Activity:
Would you transcribe the records below from the line with "Convocation à la" to the line with "Женские серьги-гвоздики SANTUZZA, из", ends included, exactly and with nothing more, leaving the pictures out?

Dataset content:
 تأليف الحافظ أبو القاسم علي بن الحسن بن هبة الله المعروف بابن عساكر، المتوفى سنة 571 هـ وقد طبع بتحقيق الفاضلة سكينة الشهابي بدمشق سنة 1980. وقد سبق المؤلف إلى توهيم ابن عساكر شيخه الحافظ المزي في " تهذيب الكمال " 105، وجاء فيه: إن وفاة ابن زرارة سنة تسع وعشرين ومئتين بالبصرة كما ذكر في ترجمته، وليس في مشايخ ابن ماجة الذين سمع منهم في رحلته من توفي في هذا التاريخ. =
...
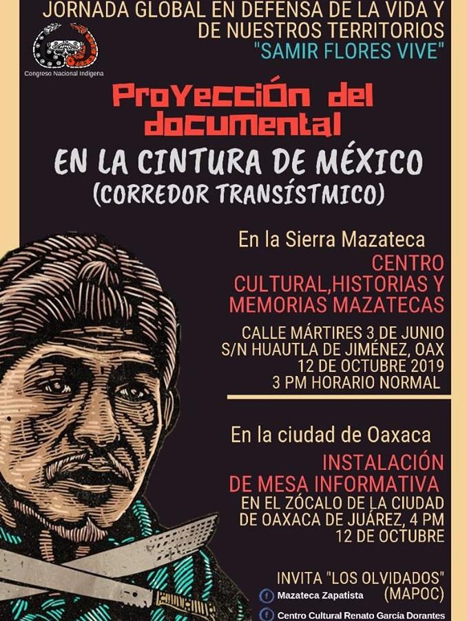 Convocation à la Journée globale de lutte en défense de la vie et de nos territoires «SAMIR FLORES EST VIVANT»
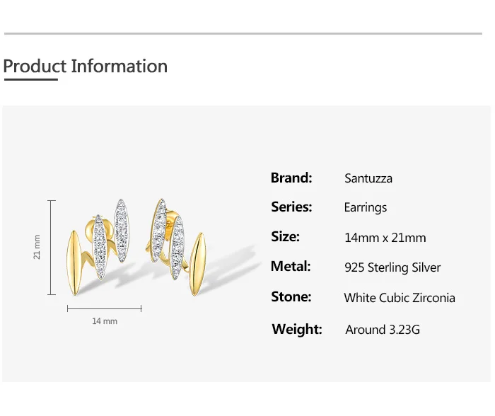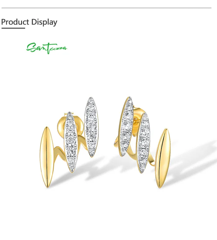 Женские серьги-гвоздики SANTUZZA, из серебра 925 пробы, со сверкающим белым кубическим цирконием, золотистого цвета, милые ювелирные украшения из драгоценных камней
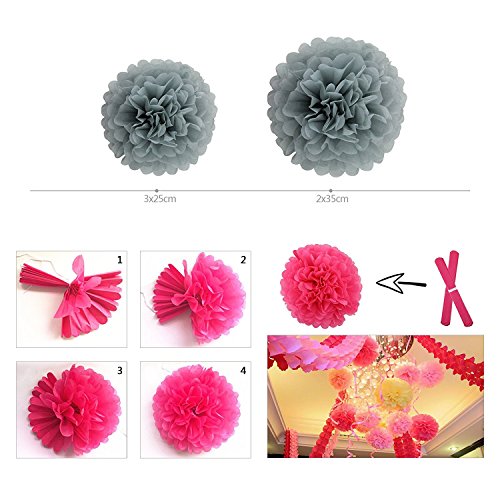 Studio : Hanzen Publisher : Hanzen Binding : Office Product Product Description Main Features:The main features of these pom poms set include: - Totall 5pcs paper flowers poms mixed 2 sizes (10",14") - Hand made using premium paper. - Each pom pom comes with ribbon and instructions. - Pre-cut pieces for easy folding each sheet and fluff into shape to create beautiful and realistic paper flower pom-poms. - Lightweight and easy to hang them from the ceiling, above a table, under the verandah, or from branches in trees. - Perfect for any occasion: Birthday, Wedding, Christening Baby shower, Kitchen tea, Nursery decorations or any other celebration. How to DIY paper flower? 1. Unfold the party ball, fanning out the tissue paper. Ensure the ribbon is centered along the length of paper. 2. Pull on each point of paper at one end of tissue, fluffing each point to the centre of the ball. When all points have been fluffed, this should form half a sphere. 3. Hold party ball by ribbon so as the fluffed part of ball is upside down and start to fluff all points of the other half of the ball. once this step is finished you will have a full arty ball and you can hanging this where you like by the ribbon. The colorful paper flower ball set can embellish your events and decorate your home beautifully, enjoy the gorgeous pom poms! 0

Task result:
 Convocation à la Journée globale de lutte en défense de la vie et de nos territoires «SAMIR FLORES EST VIVANT»
 Женские серьги-гвоздики SANTUZZA, из серебра 925 пробы, со сверкающим белым кубическим цирконием, золотистого цвета, милые ювелирные украшения из драгоценных камней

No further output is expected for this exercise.